Artinya: jika SBY menyuruh kita diam, itu berarti dia menghendaki agar penindasan terhadap rakyat jangan diganggu. Dia menghendaki penembakan petani di berbagai daerah tidak usah dipersoalkan. Ia menghendaki agar penindasan terhadap pemogokan buruh dibiarkan saja.
Himbauan SBY membawa pesan sangat dalam: jangan ada kegaduhan politik, supaya proyek neokolonialisme berjalan terus. Yang dibutuhkan oleh SBY adalah ketenangan dan kestabilan bagi proyek neokolonialisme. Ini sama persis dengan gaya gubernur jenderal Hindia-Belanda dulu.

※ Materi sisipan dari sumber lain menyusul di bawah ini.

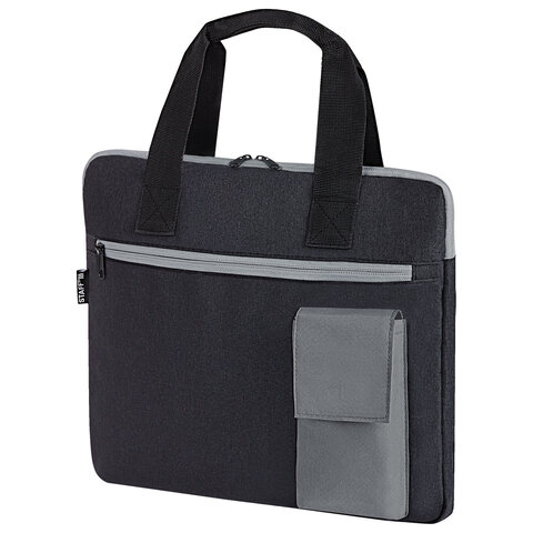 Сумка для документов STAFF DELEGATE на молнии, два кармана, полиэстер, черная/серая, 30х34х2 см

Pidato SBY itu hendak membunuh harapan kita di tahun 2012. Kita perlu tegaskan: selama praktek neokolonialisme masih berlangsung, maka tidak mungkin terjadi perubahan dalam kehidupan rakyat kita. Oleh karena itu, menapaki tahun 2012 ini, mari menggelorakan perlawanan terhadap neokolonialisme. Mari gelorakan terus “Gerakan Nasional Pasal 33 UUD 1945!”